Suggested Bibliography/Websites
“Roman Military Occupation at Yass?höyük (Gordion), Ankara Province, Turkey”. With J. Bennett. Antiquity 81, Issue 314 (forthcoming December 2007). “The Roman-period Cemeteries at Gordion in Galatia”. Journal of Roman Archaeology 20 (2007) 299-320. “From Phrygian Capital to Rural Fort: New Evidence for the Roman Military at Gordion, Turkey”. Expedition 49.3 (Winter 2007) 6-12. “Reconstructing the Roman-period Town at Gordion,” Chap. 5 in Lisa. K. Kealhofer (ed.), The Archaeology of Midas and the Phrygians: Recent Work at Gordion (Philadelphia: University of Pennsylvania Museum Press, 2005).

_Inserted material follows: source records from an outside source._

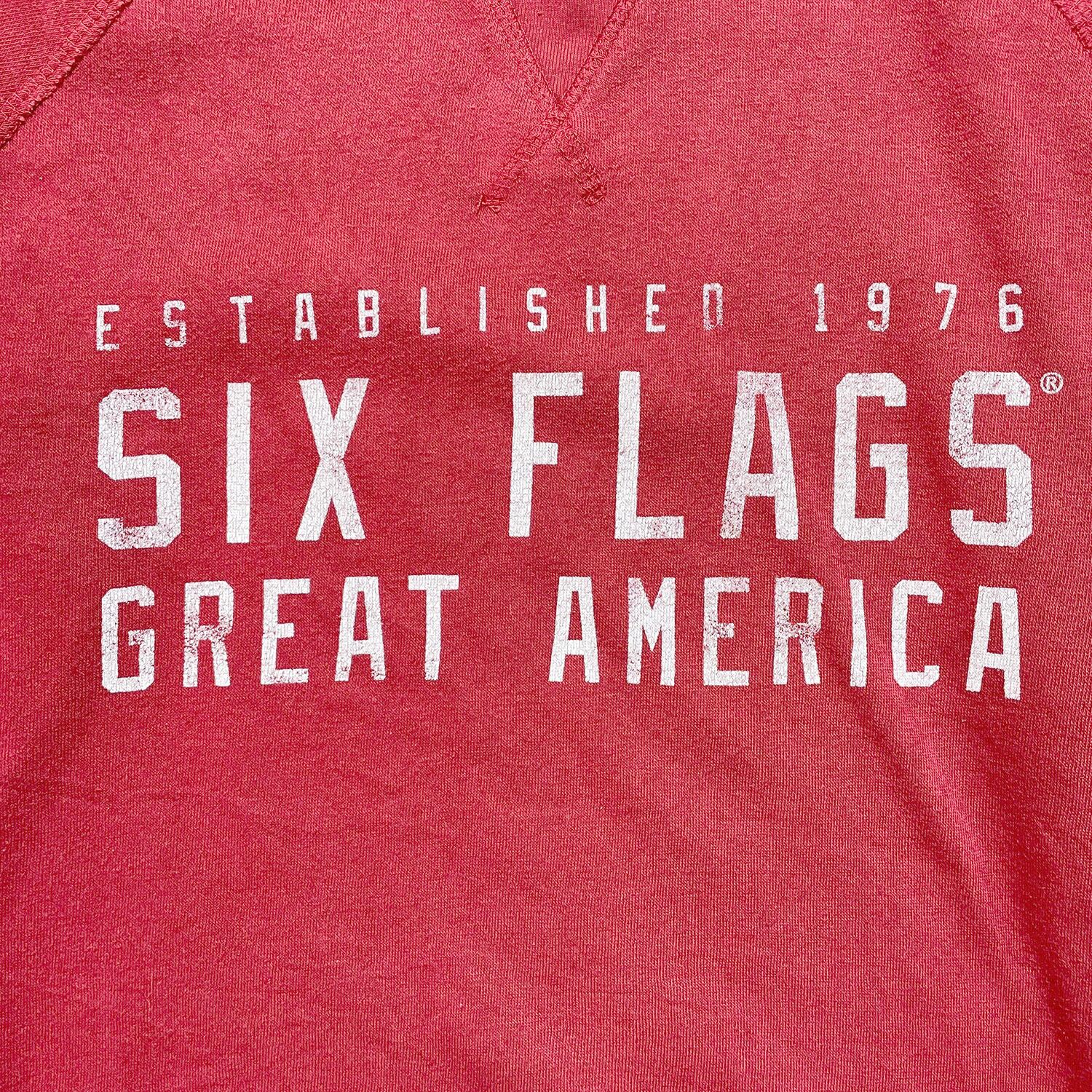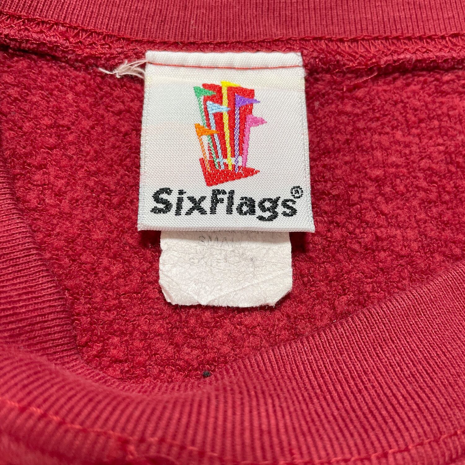 USA 古着 90S SIX FLAGS シックスフラッグ スウェット トレーナー ロゴ プリント レッド メンズS クルーネック BD2522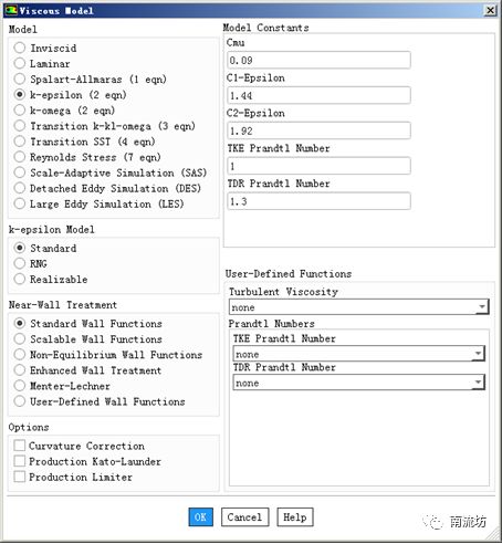 (1)在模型设定面板Models中双击Viscous按钮,弹出Viscous Model(湍流模型)对话框,在Model中选择k-epsilon (2eqn),单击OK按钮确认并关闭对话框。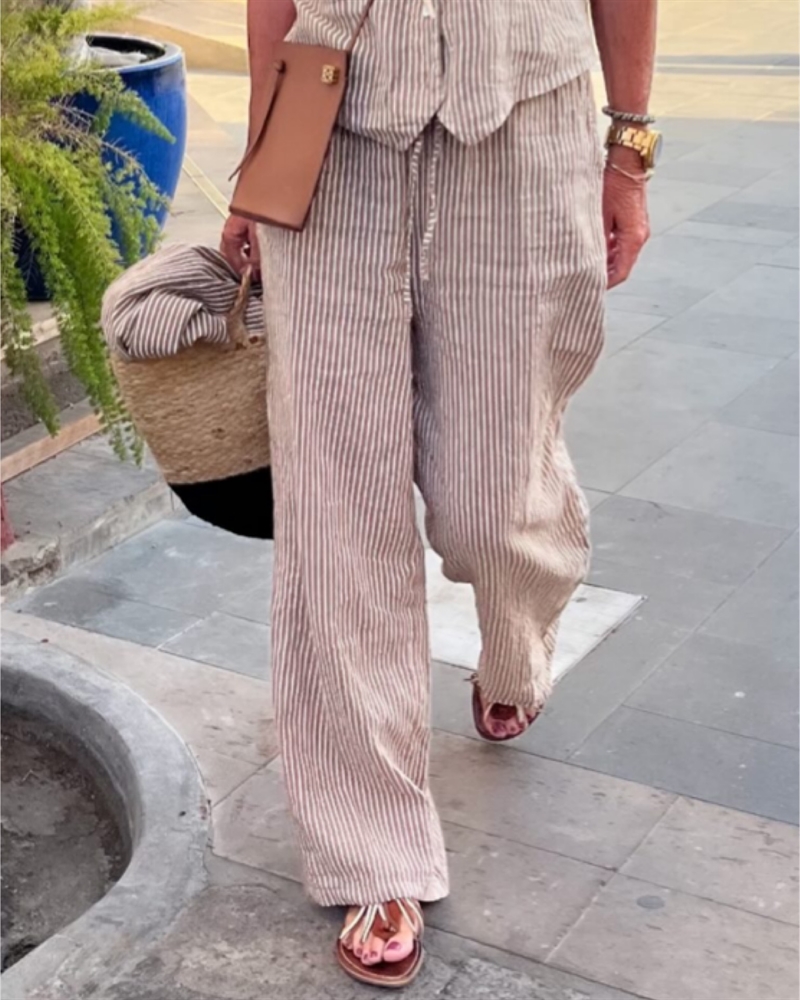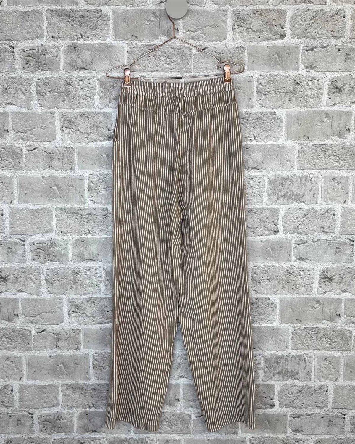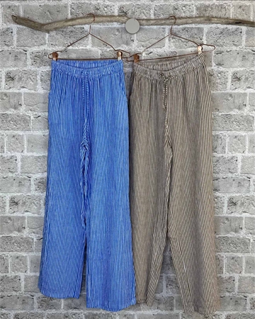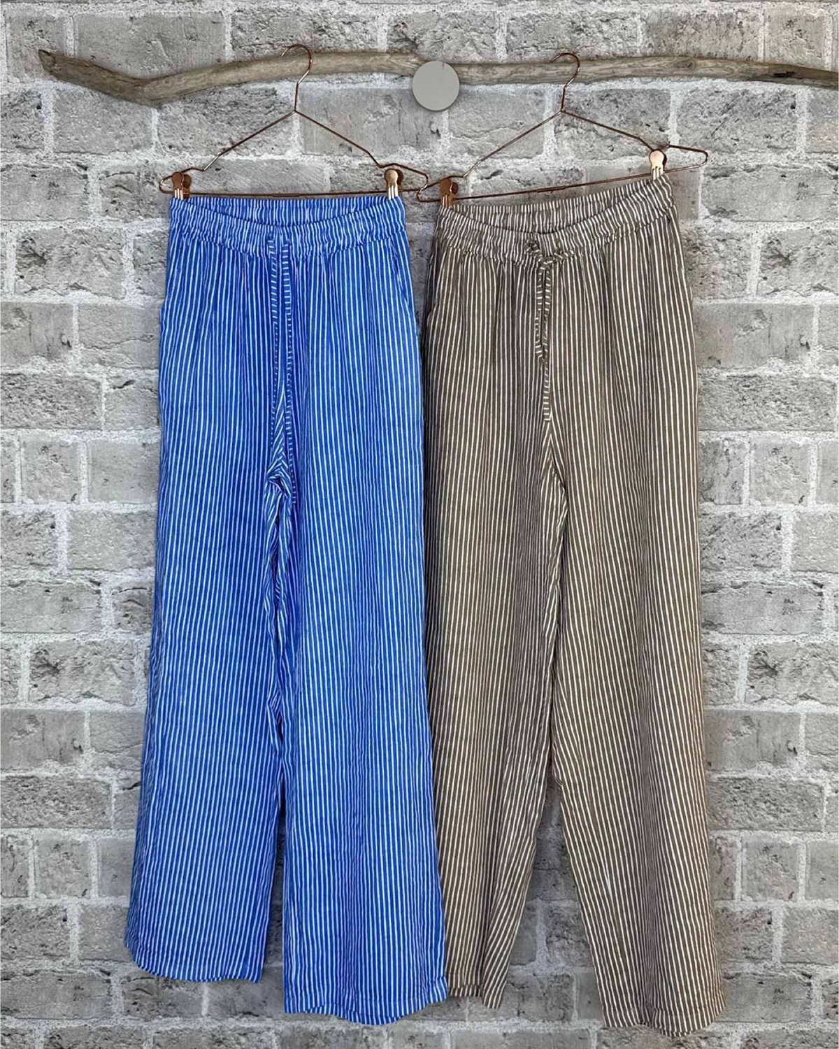 Smarte og stilfulde stribede hørbukser fra Cabana Living. Bukserne er lavet i let og åndbart hørmateriale, der sikrer maksimal komfort og et moderne look. Det tidløse blåstribede design gør dem nemme at style til både hverdag og afslappede anledninger. Perfekte til sommergarderoben eller når du ønsker et afslappet, men sofistikeret udtryk. Et must-have for den modebevidste kvinde!

About the speaker:Dr. Andrew L. Goldman has been a member of the Gonzaga History Department since the fall semester of 2002, and Chair of the Classical Civilizations Department since 2007. His fields of special interest are ancient history (Roman and Greek), classical archaeology, and the classical languages (Latin and Greek). He received his BA from Wesleyan University in 1988, and his MA and PhD from the University of North Carolina-Chapel Hill in 1993 and 2000, respectively. He has spent several years living and teaching abroad: he lived in Ankara, Turkey, as a Fulbright Fellow and instructor at Bilkent University (1995-97), and in Rome as a teacher at Duke University's Intercollegiate Center for Classical Studies (1999-2000). Since 1992, he has been an active member of the excavation team at the ancient site of Gordion (central Turkey), where he has been studying the economic and social history of the small Roman-period settlement that flourished there between the 1st and 5th centuries AD. He has recently published several Latin inscriptions and the funerary finds from the Roman cemeteries at Gordion. During the summer of 2004 and 2005, with the aid of a Loeb Foundation Grant from Harvard University, he directed a team of archaeologists and assistants in what was the first systematic excavations of the Roman town on the site. In the course of this fieldwork, Roman weapons and armor were unearthed, providing the first concrete evidence for the hypothesis that the town was a minor Roman military site. The material, dating from the first and second centuries AD, is some of the earliest Roman military equipment excavated in the Roman East, and the site is the only Roman military base of its period to ever have been explored in Turkey.